Exercise details - Omitting all images, transcribe the listing word for word.

Raw data -
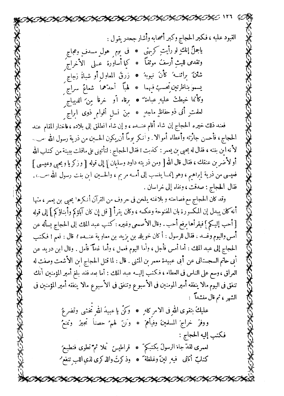 فَعِنْدَ ذَلِكَ خَيَّرَهُ الْحَجَّاجُ إِنْ شَاءَ أَقَامَ عِنْدَهُ، وَإِنْ شَاءَ انْطَلَقَ إِلَى بِلَادِهِ، فَاخْتَارَ الْمَقَامَ عِنْدَ الْحَجَّاجِ، فَأَحْسَنَ جَائِزَتَهُ وَأَعْطَاهُ أَمْوَالًا. وَأَنْكَرَ يَوْمًا أَنْ يَكُونَ الْحُسَيْنُ مِنْ ذُرِّيَّةِ رَسُولِ اللَّهِ صَلَّى اللَّهُ عَلَيْهِ وَسَلَّمَ لِأَنَّهُ ابْنَ بِنْتِهِ، فَقَالَ لَهُ يَحْيَى بْنُ يَعْمُرَ: كَذَبْتَ! فَقَالَ الْحَجَّاجُ: لَتَأْتِيَنِّي عَلَى مَا قُلْتَ بِبَيِّنَةٍ مِنْ كِتَابِ اللَّهِ أَوْ لَأَضْرِبَنَّ عُنُقَكَ، فَقَالَ قَالَ اللَّهُ وَمن ذُرِّيَّتِهِ داوُدَ وَسُلَيْمانَ 6: 84 إلى قوله وَزَكَرِيَّا وَيَحْيى وَعِيسى 6: 85 فَعِيسَى مِنْ ذُرِّيَّةِ إِبْرَاهِيمَ، وَهُوَ إِنَّمَا يُنْسَبُ إِلَى أُمِّهِ مَرْيَمَ، وَالْحُسَيْنُ ابْنُ بِنْتُ رَسُولِ اللَّهِ صَلَّى اللَّهُ عَلَيْهِ وَسَلَّمَ.
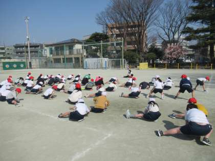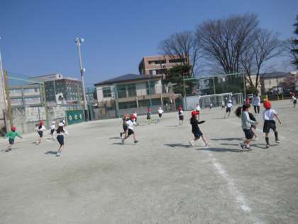 次に、学年全体で「リズムストレッチ」と「ふえおに」をしました。1年生みんなでやる鬼ごっこは、とても楽しそうでした。
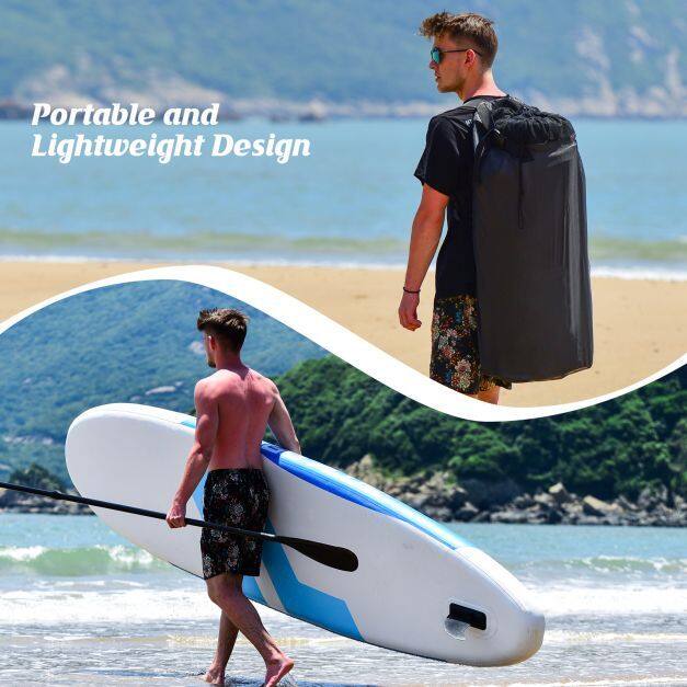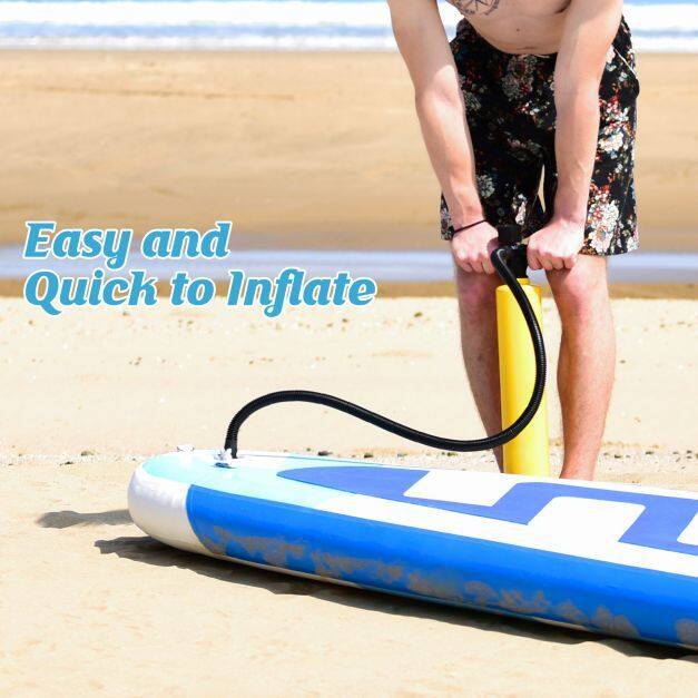 ● Inflatable and Portable Design: The floating paddleboard features a pump with a high-pressure recessed valve which can inflate quickly, and is simple to operate. After inflating, you can carry it conveniently with a handle on board. Besides, the deflated board can be folded into the carrying bag (an adjustable bandage is included), convenient to carry and store.
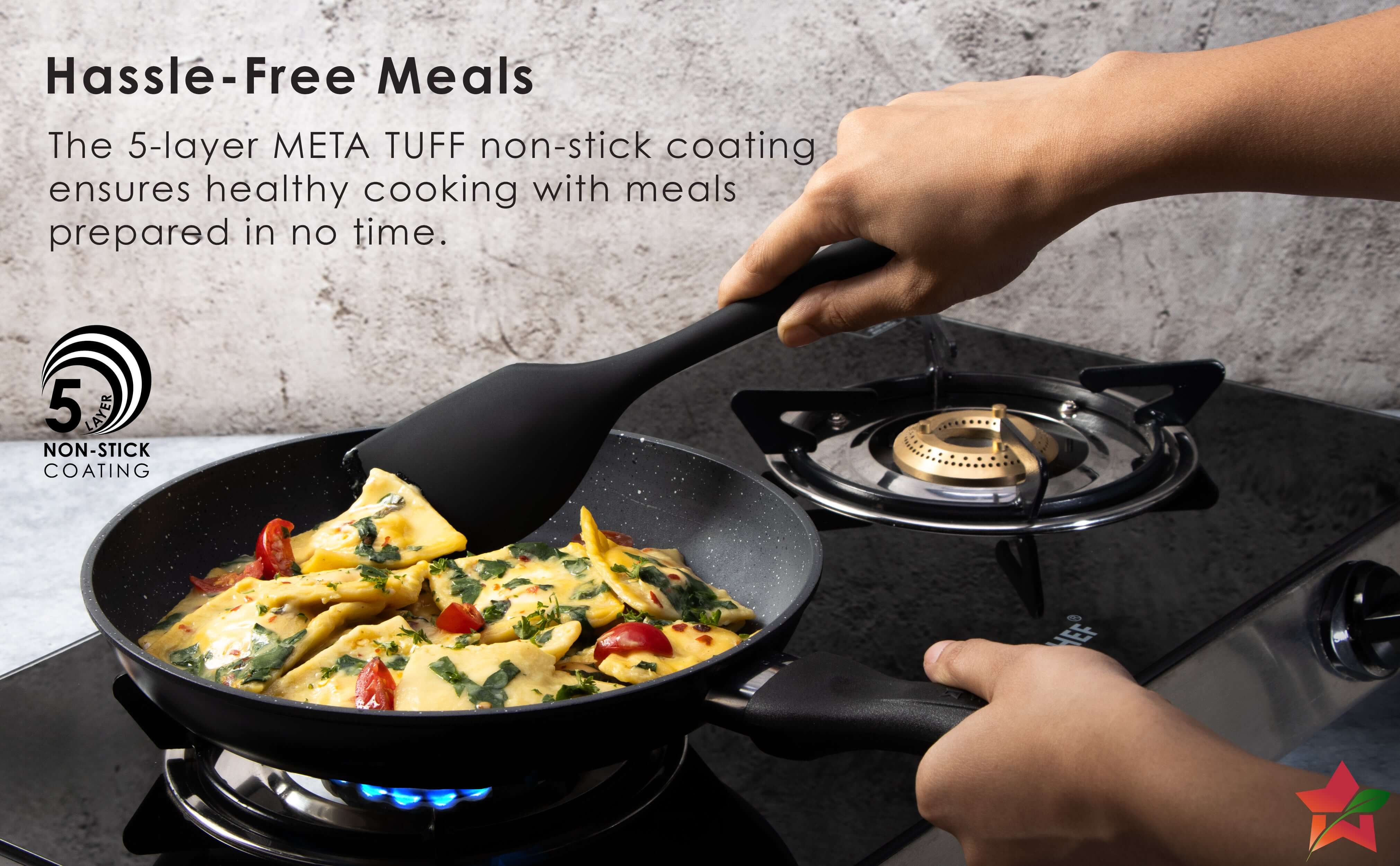 - Easy to Clean: The Meta Tuff non-stick coating repels any extra oil, thus making it easy to clean and maintain. Just wipe with soft cloth. Do not use steel wool.

Exercise response -
 فَعِنْدَ ذَلِكَ خَيَّرَهُ الْحَجَّاجُ إِنْ شَاءَ أَقَامَ عِنْدَهُ، وَإِنْ شَاءَ انْطَلَقَ إِلَى بِلَادِهِ، فَاخْتَارَ الْمَقَامَ عِنْدَ الْحَجَّاجِ، فَأَحْسَنَ جَائِزَتَهُ وَأَعْطَاهُ أَمْوَالًا. وَأَنْكَرَ يَوْمًا أَنْ يَكُونَ الْحُسَيْنُ مِنْ ذُرِّيَّةِ رَسُولِ اللَّهِ صَلَّى اللَّهُ عَلَيْهِ وَسَلَّمَ لِأَنَّهُ ابْنَ بِنْتِهِ، فَقَالَ لَهُ يَحْيَى بْنُ يَعْمُرَ: كَذَبْتَ! فَقَالَ الْحَجَّاجُ: لَتَأْتِيَنِّي عَلَى مَا قُلْتَ بِبَيِّنَةٍ مِنْ كِتَابِ اللَّهِ أَوْ لَأَضْرِبَنَّ عُنُقَكَ، فَقَالَ قَالَ اللَّهُ وَمن ذُرِّيَّتِهِ داوُدَ وَسُلَيْمانَ 6: 84 إلى قوله وَزَكَرِيَّا وَيَحْيى وَعِيسى 6: 85 فَعِيسَى مِنْ ذُرِّيَّةِ إِبْرَاهِيمَ، وَهُوَ إِنَّمَا يُنْسَبُ إِلَى أُمِّهِ مَرْيَمَ، وَالْحُسَيْنُ ابْنُ بِنْتُ رَسُولِ اللَّهِ صَلَّى اللَّهُ عَلَيْهِ وَسَلَّمَ.
 次に、学年全体で「リズムストレッチ」と「ふえおに」をしました。1年生みんなでやる鬼ごっこは、とても楽しそうでした。
 ● Inflatable and Portable Design: The floating paddleboard features a pump with a high-pressure recessed valve which can inflate quickly, and is simple to operate. After inflating, you can carry it conveniently with a handle on board. Besides, the deflated board can be folded into the carrying bag (an adjustable bandage is included), convenient to carry and store.
 - Easy to Clean: The Meta Tuff non-stick coating repels any extra oil, thus making it easy to clean and maintain. Just wipe with soft cloth. Do not use steel wool.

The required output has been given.